Ayoub R, Page S T, Swerdloff R S, Liu P Y, Amory J K, Leung A, Hull L, Blithe D, Christy A, Chao J H, Bremner W J, Wang C
Department of Medicine, Division of Endocrinology, Harbor-UCLA Medical Center and Los Angeles Biomedical Research Institute, Torrance, CA, USA.
Department of Medicine, University of Washington, Seattle, WA, USA.
Andrology. 2017 Mar;5(2):278-285. doi: 10.1111/andr.12303. Epub 2016 Dec 1.

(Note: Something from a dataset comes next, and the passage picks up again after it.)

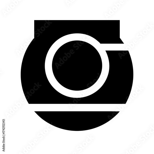Vector art of abstract black and white icon featuring a stylized pot or container with a circular element, , representing design and creativity

Dimethandrolone (DMA, 7α,11β-dimethyl-19-nortestosterone) has both androgenic and progestational activities, ideal properties for a male hormonal contraceptive. In vivo, dimethandrolone undecanoate (DMAU) is hydrolyzed to DMA. We showed previously that single oral doses of DMAU powder in capsule taken with food are well tolerated and effective at suppressing both LH and testosterone (T), but absorption was low. We compared the pharmacokinetics and pharmacodynamics of two new formulations of DMAU, in castor oil and in self-emulsifying drug delivery systems (SEDDS), with the previously tested powder formulation. DMAU was dosed orally in healthy adult male volunteers at two academic medical centers. For each formulation tested in this double-blind, placebo-controlled study, 10 men received single, escalating, oral doses of DMAU (100, 200, and 400 mg) and two subjects received placebo. All doses were evaluated for both fasting and with a high fat meal. All three formulations were well tolerated without clinically significant changes in vital signs, blood counts, or serum chemistries. For all formulations, DMA and DMAU showed higher maximum (p < 0.007) and average concentrations (p < 0.002) at the 400 mg dose, compared with the 200 mg dose. The powder formulation resulted in a lower conversion of DMAU to DMA (p = 0.027) compared with both castor oil and SEDDS formulations. DMAU in SEDDS given fasting resulted in higher serum DMA and DMAU concentrations compared to the other two formulations. Serum LH and sex hormone concentrations were suppressed by all formulations of 200 and 400 mg DMAU when administered with food, but only the SEDDS formulation was effectively suppressed serum T when given fasting. We conclude that while all three formulations of oral DMAU are effective and well tolerated when administered with food, DMAU in oil and SEDDS increased conversion to DMA, and SEDDS may have some effectiveness when given fasting. These properties might be advantageous for the application of DMAU as a male contraceptive.
二甲双氢睾酮(DMA,7α,11β - 二甲基 - 19 - 去甲睾酮)具有雄激素和孕激素活性,是男性激素避孕药的理想特性。在体内,十一酸二甲双氢睾酮(DMAU)会水解为DMA。我们之前表明,与食物一起服用的胶囊形式的单剂量口服DMAU粉末耐受性良好,且在抑制促黄体生成素(LH)和睾酮(T)方面有效,但吸收较低。我们将两种新的DMAU制剂(蓖麻油制剂和自乳化药物递送系统(SEDDS)制剂)的药代动力学和药效学与之前测试的粉末制剂进行了比较。在两个学术医疗中心,对健康成年男性志愿者口服给予DMAU。在这项双盲、安慰剂对照研究中,对于每种测试制剂,10名男性接受单剂量、递增的口服DMAU(100、200和400毫克),两名受试者接受安慰剂。所有剂量均在空腹和高脂餐后进行评估。所有三种制剂耐受性良好,生命体征、血细胞计数或血清化学指标均无临床显著变化。对于所有制剂,与200毫克剂量相比,400毫克剂量的DMA和DMAU显示出更高的最大浓度(p < 0.007)和平均浓度(p < 0.002)。与蓖麻油制剂和SEDDS制剂相比,粉末制剂导致DMAU向DMA的转化率较低(p = 0.027)。空腹服用时,SEDDS中的DMAU导致血清DMA和DMAU浓度高于其他两种制剂。与食物一起服用时,所有200毫克和400毫克DMAU制剂均能抑制血清LH和性激素浓度,但只有SEDDS制剂在空腹服用时能有效抑制血清T。我们得出结论,虽然口服DMAU的所有三种制剂与食物一起服用时均有效且耐受性良好,但油剂和SEDDS中的DMAU增加了向DMA的转化,并且SEDDS在空腹服用时可能具有一定效果。这些特性可能有利于DMAU作为男性避孕药的应用。